======== ENTRIES PROVIDED

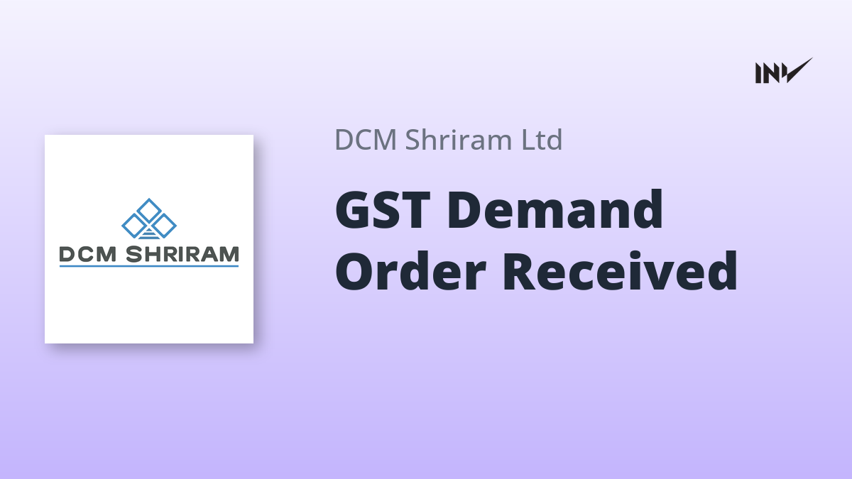 DCM Shriram has received a GST demand order disallowing Input Tax Credit (ITC) on certain goods and services. The demand order, dated December 23, 2025, involves a tax demand of Rs. 19.84 lakhs, along with applicable interest, and an equivalent penalty of Rs. 19.84 lakhs. The demand pertains to ITC availed on goods and services procured in the factory canteen.
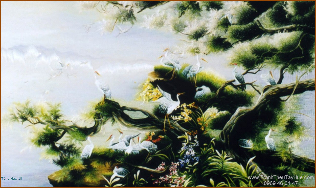 Tranh thêu tùng hạc diên niên là loại tranh thêu truyền thống được thêu hoàn toàn bằng tay bởi những thợ thêu dày dặn kinh nghiệm của đất Cố Đô Huế. Những bức tranh thêu tùng hạc diên niên là loại tranh thêu đặc sắc và cao cấp trong các loại tranh thêu về các loài chim, nó thể hiện sự mãnh mẽ, trường thọ và trí tuệ.Tranh thêu tùng hạc diên niên treo trong nhà sẽ giúp cho căn nhà bạn trở nên sang trọng và ấm cúng hơn ngoài ra nó còn giúp bạn vượt qua được khó khăn tạo ra nguồn nặng lượng sống dồi dào và ý chỉ mạnh mẽ.
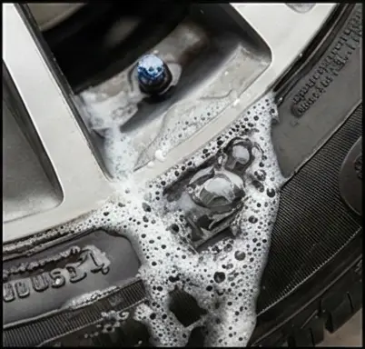타이어에 공기를 주입한 후 비눗물이나 워셔액을 뿌려 기포가 나오는 곳을 찾습니다. 못이나 나사가 박혀 있다면 위치를 기억하세요.
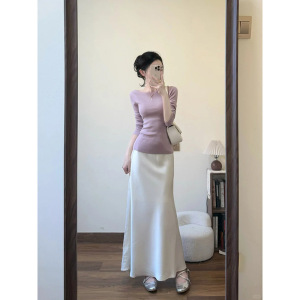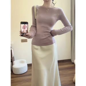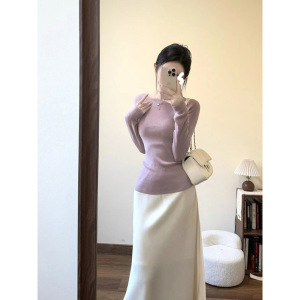 法式紫色一字肩修身羊毛针织衫女两件套温柔风打底毛衣高级感上衣
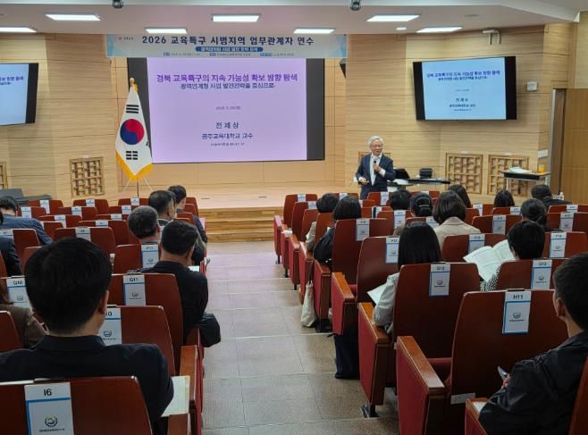 한방통신사 신유철기자 기자 | 경북교육청은 28일 구미시에 있는 경상북도교육청연수원 소강당에서 도내 15개 교육특구 시범 지역의 교육지원청과 지자체 관계자 80여 명이 참석한 가운데 ‘2026 교육특구 시범지역 업무 관계자 연수’를 개최했다고 밝혔다.
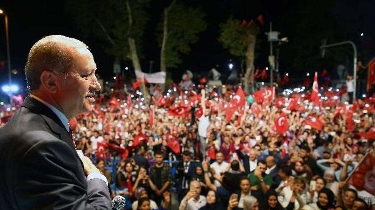 Cumhurbaşkanı Recep Tayyip Erdoğan, İstanbul Kısıklı’da halka seslendi. Erdoğan konuşmasında, “Çarşamba günü önemli bir karar açıklayacağız” dedi.Cumhurbaşkanı Erdoğan’ın konuşmasının satır başları şu şekilde;"Hükümetimiz şu anda önemli bir hazırlığın içinde ve çarşamba günü inşallah Milli Güvenlik Kurulumuzu toplayacağız. Milli Güvenlik Kurulundan sonra da bir Bakanlar Kurulu toplantısı yapacağız ve Milli Güvenlik Kurulu ardından Bakanlar Kurulu toplantısıyla da önemli bir kararı açıklayacağız""Şu anda gayet güzel bir şekilde çalışmalar devam ediyor. Hükümetimiz şu anda önemli bir hazırlığın içinde ve çarşamba günü inşallah Milli Güvenlik Kurulumuzu toplayacağız. Milli Güvenlik Kurulundan sonra da bir Bakanlar Kurulu toplantısı yapacağız ve Milli Güvenlik Kurulu ardından Bakanlar Kurulu toplantısıyla da önemli bir kararı açıklayacağız. Şimdi burada açıklamayacağım""Şehitlerimizi gördük değil mi? İşte 208 şehidimiz var. Hepsini defnettik. Ama bilesiniz ki bu halka son değil. Bunu devamı da olacak. Kah sizlere kah bizlere olacak. Zaten biz bu yola böyle çıktık, böyle koyulduk. Ne dedik? Kefenimizi giydik bu yola böyle çıktık.""Biz inanıyoruz ve üstünüz. Hiç şüpheniz olmasın. Şu anda Türkiye’nin dört bir yanında, her yerde bu tablo var. Taksim Meydanı’na, Saraçhane’ye bakın bu tablo var. Ankara’da Kızılay Meydanı’nda her yerde bu tablo var. İşte bizler de bu akşam arkadaşlarımızla bir değerlendirme toplantısı yaptık. Sizi de bu saate kadar beklettik. Kusura bakmayın. Bu saate kadar toplantımız sürdü. Burada bu akşam bir şeyi özellikle ifade etmek istiyorum. Komşularımızdan komşuluk haklarını bize helal etmelerini istiyorum. Gece geç saatlere kadar burada onlara rahatsızlık veriyoruz. Bundan dolayı da bize haklarını helal etsinler.""Bu vatan meselesinde, bu affedersiniz ne idüğü belirsizlere biz bu ülkemizi bırakmayacağız. Ve kardeşlerim, Sayın Başbakan söyledi. Ben de söylüyorum. Türkiye demokratik bir hukuk devletidir. Demokratik bir hukuk devletinde siz halkı görmemezlikten gelemezsiniz. Dolayısıyla halkın taleplerini bir kenara koyamazsınız. Halkın böyle bir talebi varsa, bunun görüşüleceği yer parlamentodur. Bunların, bu alçakların bombaladığı parlamentodan inşallah görüşülmek suretiyle inanıyorum parlamentodaki siyasi partiler, inanıyorum ki bu konuda en isabetli kararı alacaktır. Ve alınacak böyle bir kararda da onay merci olarak kararımı açıklıyorum. Ben bunu onaylarım. Çünkü gencecik yavrularımızın tanklarla, toplarla şehit edildiği bir ülkede biz siyasiler olarak eğer buna sessiz kalırsak, ebedi alemde bunun hesabını veremeyiz.""Bugün Amerika’da idam var mı? Rusya’da, Çin’de var mı? Dünyanın değişik yerlerinde var mı? Sadece Avrupa Birliği üyesi ülkelerde yok. Biz buna bir imza attık. Bizden önce attılar. Böyle bir durum var. Doğru. Fakat bu imzalar atıldığı gibi bunlar geri de alınabilir. Yeter ki parlamentomuz bu kararı alsın.""Bunlar değiştirilemez hükümler değil. Buyurun. İşte şu anda yapılanlar... Ankara’da özel harekata bombalar yağdırılıyor ve benim 47 tane polis kardeşim orada şehit oluyor. Aynı şekilde bizi yakalamaya çalıştılar. Bizim kaldığımız yere geldiler fakat biz çıkmıştık ve şimdi bakın ifadeler ortaya çıktı. İfadeler enteresan, ’Biz yakalasaydık ya ölü ya diri getirecektik." Ama bunlar bir şeyi bilmiyorlar. Ve mekeru ve mekerallah. Vallahu hayrul makirin. Bunlar hesapların üzerinde bir hesap var. Tuzakların üzerinde bir tuzak var. En büyük tuzağı kuracak olan da kudret, kuvvet sahibi Allah’tır. Bunu bilmiyorlar. Ve o muhafaza etti mi mesele yok. O korudu mu mesele yok. Bir an ileri, bir an geri yok. Vakti saati geldiğinde zaten sahibine teslim edeceğiz.""Şu anda gayet güzel bir şekilde çalışmalar devam ediyor. Hükümetimiz şu anda önemli bir hazırlığın içinde ve çarşamba günü inşallah Milli Güvenlik Kurulumuzu toplayacağız. Milli Güvenlik Kurulundan sonra da bir Bakanlar Kurulu toplantısı yapacağız ve Milli Güvenlik Kurulu ardından Bakanlar Kurulu toplantısıyla da önemli bir kararı açıklayacağız. Şimdi burada açıklamayacağım.""Ulusal medyamızda birkaçı dışında, sağolsunlar bir birliktelik gördüm, bir beraberlik gördüm. Fakat uluslararası medyada Pensilvanya’yı ziyaret edenler var. Ben buradan dünyadaki uluslararası medyaya sesleniyorum: Ey medya, ABD’de çifte kuleler yıkıldığı zaman, acaba bu uluslararası medya gidip de Bin Ladin’le bir röportaj yapsaydı buna nasıl bakardınız? Olumlu bakar mıydınız? Fakat, Türkiye’de böyle bir darbe girişiminde buluşan şahsın takımının kendisine verdiğiniz 400 dönümlük arazide gidip kendisiyle şu anda röportaj yapanlara nasıl sıcak bakıyorsunuz? Bugün de bir uluslararası CNN’e röportajım oldu, orada bunu örnek olarak verdim. Dünyanın bunu görmesi, dinlemesi, bilmesi lazım. Her akşam bir uluslararası medya grubuyla da bunları devam ettireceğiz. Anlatmamız lazım, bilmeleri lazım. Fakat öyle veya böyle, inşallah tren tekrar raylara oturmuştur.""Açığa alınanlar var ve yeni yeni görevlendirmeler yapılıyor. Eksikler var hepsinde. İşte çarşamba günkü toplantı inşallah bunların önünü açacak. Hani hep bir sözüm var ya ’İnlerine gireceğiz’ diye. Şimdi toptan inlerine gireceğiz""Bir olacağız, iri olacağız, diri olacağız, kardeş olacağız, hep birlikte Türkiye olacağız. Bizim için bu çok önemli. Birbirimizi sadece Allah için seveceğiz, makam, mevki vesaire bunlar için değil”"Bir, tek millet. Türküyle, Kürdüyle, Lazıyla, Çerkeziyle, Gürcüsüyle, Abazasıyla, Romanıyla tek millet. 79 milyon tek millet. Çünkü biz yaratılanı, yar
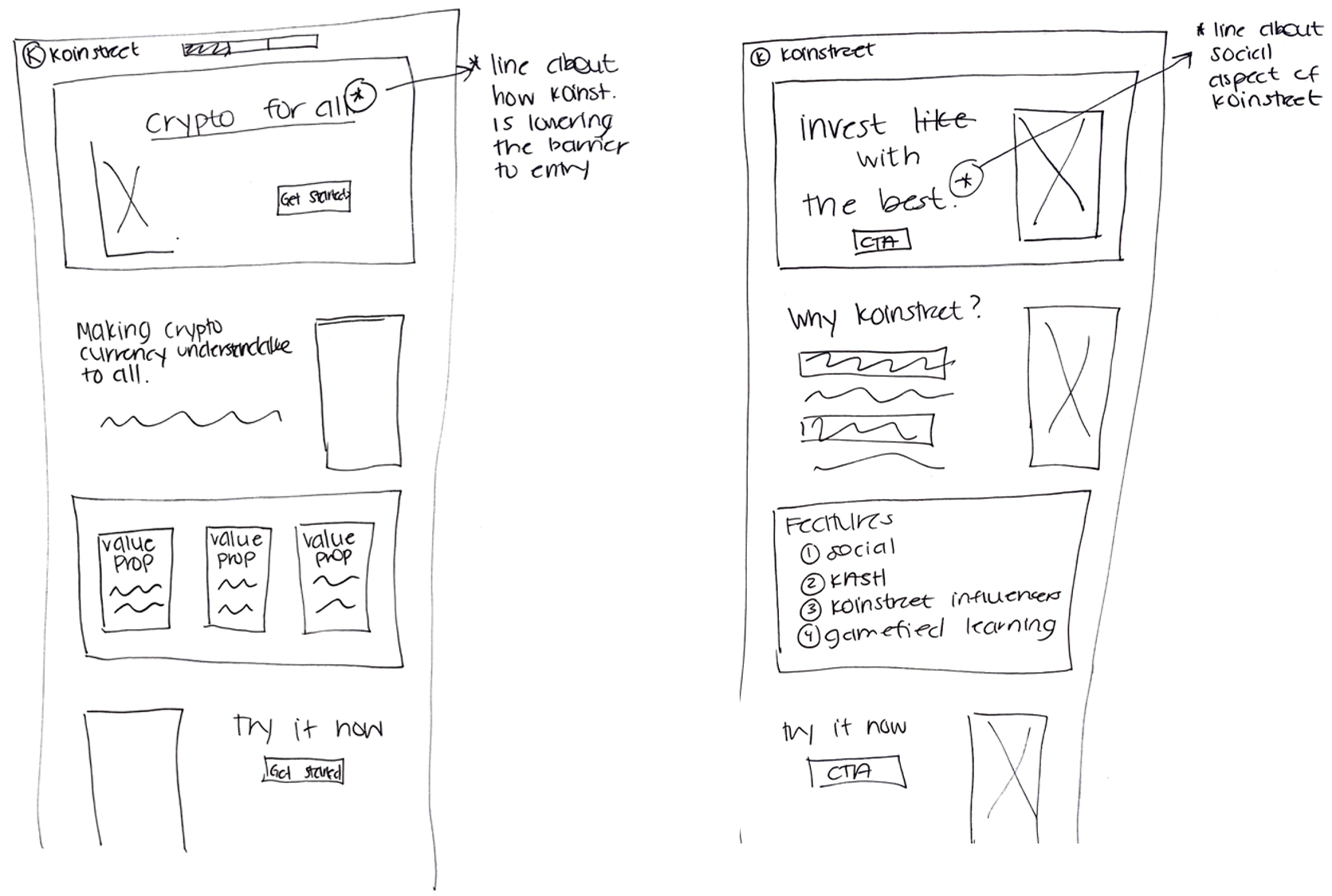 Koinstreet is providing cryptocurrency access to all. They are bridging the knowledge gap needed to invest in cryptocurrency with their mobile app. The company needs an engaging landing page that well articulates it's value, and differentiation from comparable services.

================

EXERCISE.
Please set down, exactly and with no pictures, the lines in the entries above starting at the one holding "法式紫色一字肩修身羊毛针织衫女两件套温柔风打底毛衣高级感上衣" and ending at the one holding "한방통신사 신유철기자 기자", ends included.

ANSWER AREA.
 法式紫色一字肩修身羊毛针织衫女两件套温柔风打底毛衣高级感上衣
 한방통신사 신유철기자 기자 | 경북교육청은 28일 구미시에 있는 경상북도교육청연수원 소강당에서 도내 15개 교육특구 시범 지역의 교육지원청과 지자체 관계자 80여 명이 참석한 가운데 ‘2026 교육특구 시범지역 업무 관계자 연수’를 개최했다고 밝혔다.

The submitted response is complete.